In exchange for those five contracts he acquired Jordan Weal, Radko Gudas, and the first-round draft pick that would eventually become Travis Konecny, all of whom are still members of the team today. That is probably more than could have been reasonably expected based on what he was giving up at the time.

In the first round of the 2015 NHL draft they selected Ivan Provorov and Konecny with the seventh and 24th overall picks, both of whom are now core parts of the team.

They selected Carter Hart, their (hopeful) goalie of the future, in the second-round of the 2016 draft.

And while trading Brayden Schenn for Jori Lehtera may have downgraded the team in the short-term, the trade did net them first-round picks in 2017 and 2018, giving them multiple selections in each of those rounds.

His outlook was clearly more long-term, not only with the way he made draft picks the key part of the (Brayden) Schenn trade, but with the way he refused to part with any of the team’s young prospects in an effort to make the team better right now.

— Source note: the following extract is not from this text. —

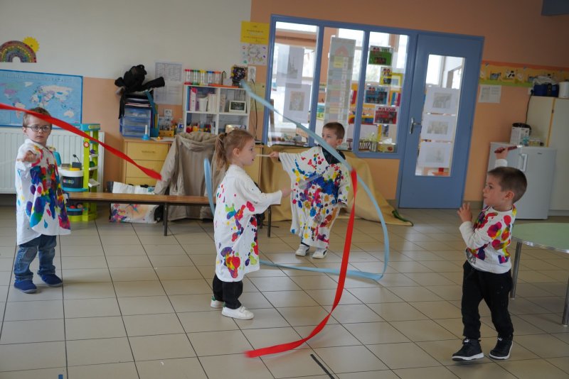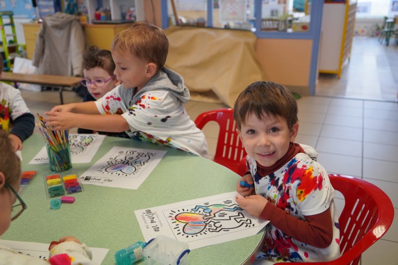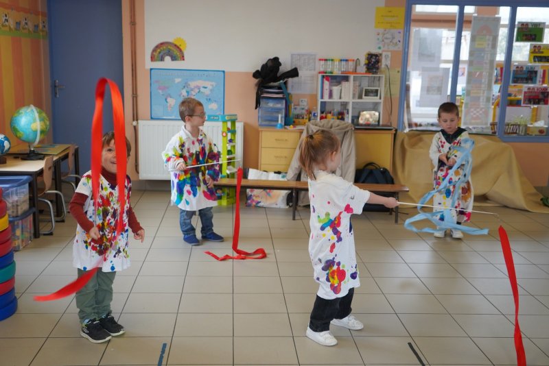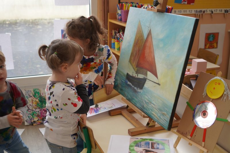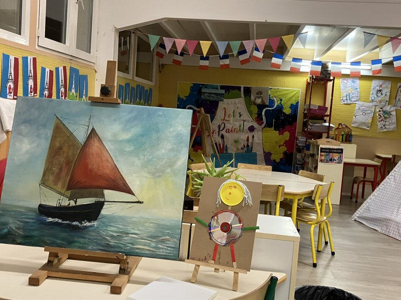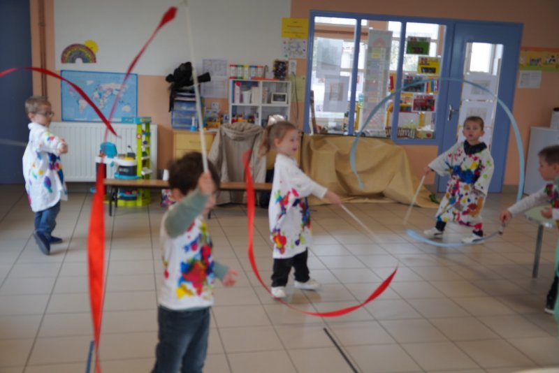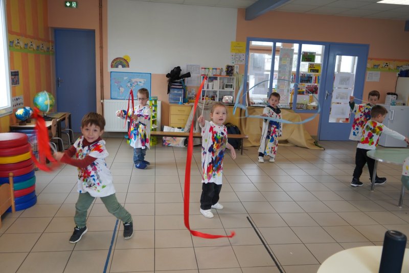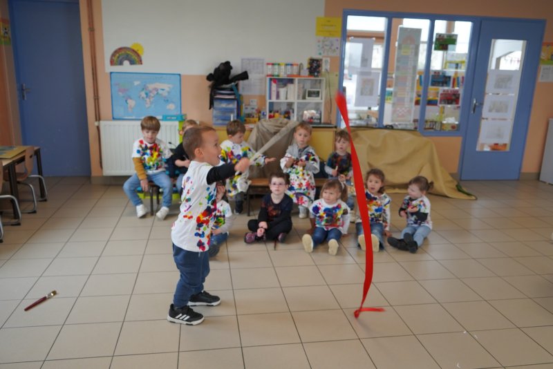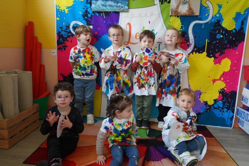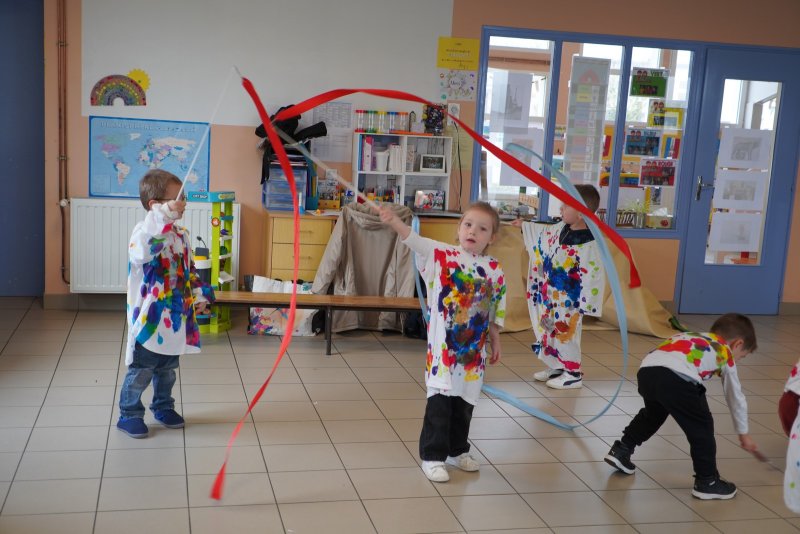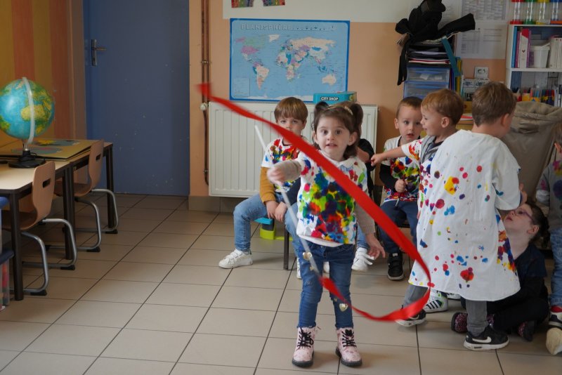 Comme au musée, les murs de la classe étaient décorés de copies d’oeuvres d’art célèbres et de toiles originales d’une mamie d’élèves artiste peintre, Irène Pouvreau. Les enfants ont participé à de nombreux ateliers comme l’apprentissage d’une chanson sur les couleurs, un jeu de mémoire sur les artistes et leur matériel, la réalisation d’une fresque représentant des immeubles et des monuments parisiens, l’écoute d’albums sur les musées parisiens, des activités motrices ludiques comme le sculpteur et sa statue ou le jeu des statues.

Just take a look at all of the players and assets Hextall traded since the start of the 2016-17 offseason.

Filppula, Tokarski, and Mrazek were all basically acquired out of desperation due to injury situations at center and in goal in those years, but the main focus is clear — draft picks and the future.

That patient approach was also evident when it came to free agency where the Flyers were mostly quiet under Hextall. It wasn’t until this past summer when they brought back James van Riemsdyk on a five-year contract that the really tried to make a big splash on the open market.

Before JvR, the two biggest free agent signings under Hextall were Dale Weise and Brian Elliott.

The common theme you keep coming back to here is simply, this move isn’t great, but it’s also not really terrible. Do you know what that gets you on the ice if you keep making moves like that? A team that isn’t really great, but also not really terrible. In the end that will probably be Hextall’s lasting legacy the Flyers’ general manager.

His patience and methodical approach to building the team might work out in the long-run, but it was clearly not working for an ownership that seemingly grew tired of not seeing any real progress at the NHL level.

It’s okay to have faith that Hart might one day, finally, solve the Flyers’ cursed goalie position. It’s okay to believe in Shayne Gostisbehere and Provorov as the foundation of the defense for the next eight years. It’s okay count on Nolan Patrick and Konecny to be your future at forward.

But you can still do all of that while also making some improvements in the short-term to try and take advantage of a roster that still has top-line veteran players in Claude Giroux, Jakub Voracek, Sean Couturier, and Wayne Simmonds on it.

You don’t have to keep turning to a revolving door of mediocre goalies as stop-gap options until Hart is ready.

You can try to find some better defenders to complement Gostisbehere and Provorov, even if it means trading one of your many first-round picks or a couple of prospects.

Hextall was seemingly unwilling — or unable — to do that.  It resulted in a team that was stuck in neutral for too many years, and leads us to where we are today.